Fig. 1. Positional relationship between two identical graphene planes A and B.
Graphite structure can be described as an alternite succession of these planes ...ABABAB...
"Usual" graphite, especially natural one, exhibits quite imperfect structure due to plenty of defects and inclusions. A number of technologies are developed for preparation of perfect graphite samples to take advantage of its unique structure. Of these, pyrolysis of organic compounds is the most common and effective.

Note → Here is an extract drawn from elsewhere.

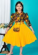 New stylish floral Baby Girls Dress/Frocks , with same design Bag and Belt Perfect Kids Frock | multicolor floral print (top), red solid (skirt), A-line silhouette, two-piece design (top and pleated skirt), fitted bodice, flared skirt, A-line, one-piece, pleated dress, pleated skirt, belt, buttons, puff sleeve, polo/collar, belted, curved, above knee, Girls, partywear, all-season, belt, handbag
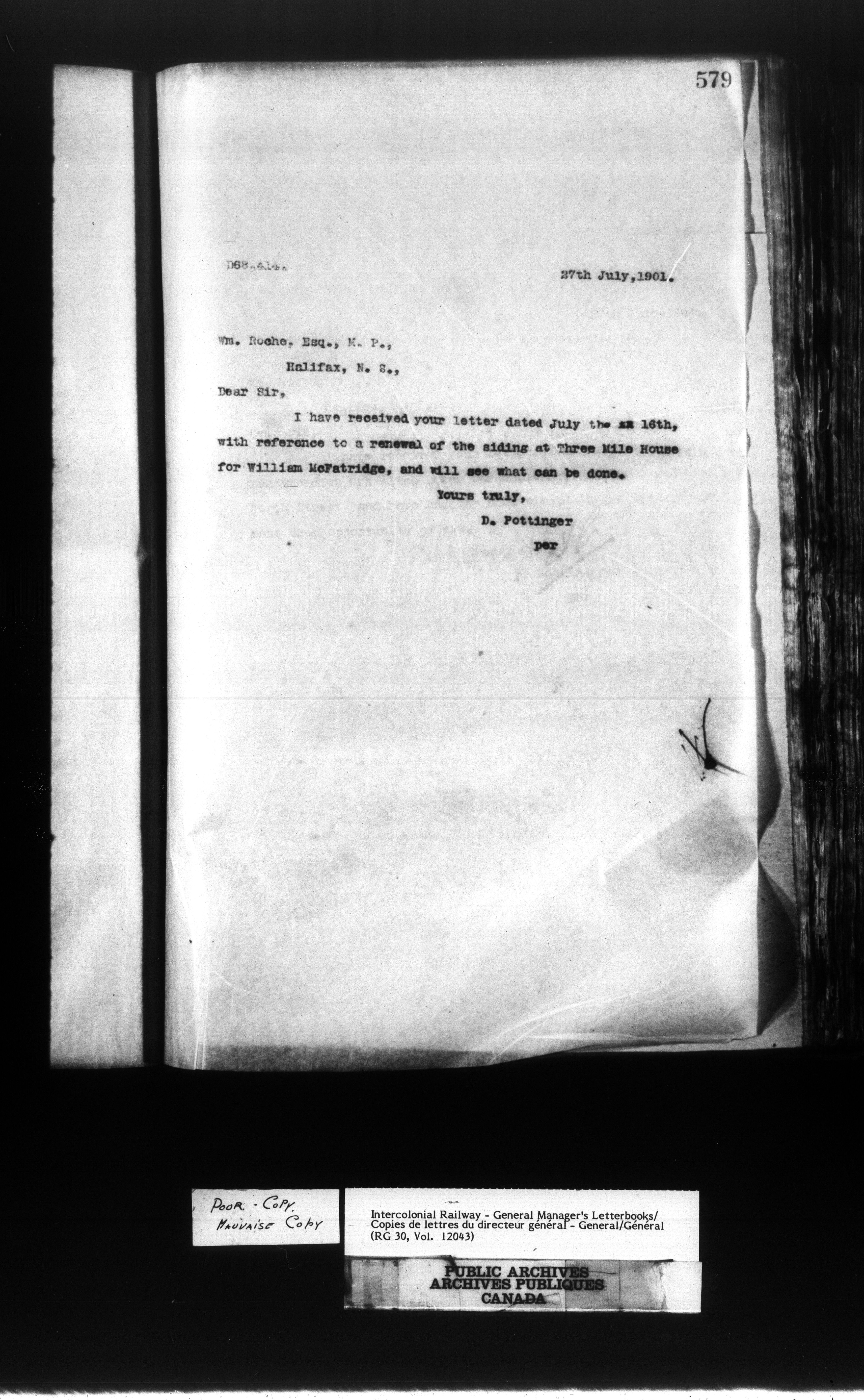 Canadian Government Railways : Office of the General Manager, Outward correspondence - 11427

Some physical properties of graphite are listed below:
Density: 2,266 g/cm3
Thermal conductivities:
along C axis (0001): 8±2 Watt/mK
along surface plane: 1800±200 Watt/mK
HOPG terminated with graphene layer can serve as an ideal atomically flat surface to be used as a substrate or standard for SPM investigations (Fig. 2).
Fig. 2. Typical STM image of HOPG surface.
Corresponding fragment of graphene structure is superimposed.
To characterize perfectness of HOPG, "mosaic spread" term is used. The term originates from X-ray crystallography. Actually, HOPG specimens are polycrystals. Each bulk polycrystal looks like mosaic of microscopic monocrystal grains slightly disoriented with respect to each other. This disordering is responsible for diffracted peak width: the more disordering, the wider the peak. Therefore, perfectness of HOPG can be easily related to a full width of the Cu-Ka radiation peak at half maximum (FWHM) measured in degrees.
There are several grades of HOPG. We use notations developed by Advanced Ceramics Corporation, the leading company in HOPG production.
ZYA Grades: 0.4°±0.1° Mosaic Spread. This is the most perfect HOPG, lateral grain size is typically up to about 10 µm.
Thus, it is the best "cleavable" material exhibiting the smoothest surface that is needed for crucial SPM measurements.ZYB Grades: 0.8°±0.2° Mosaic Spread. Slightly less highly ordered. The lateral grain size is up to 1 µm.
ZYH Grades: 3.5°±1.5° Mosaic Spread. It has a grain size in the range of 30-40 nm.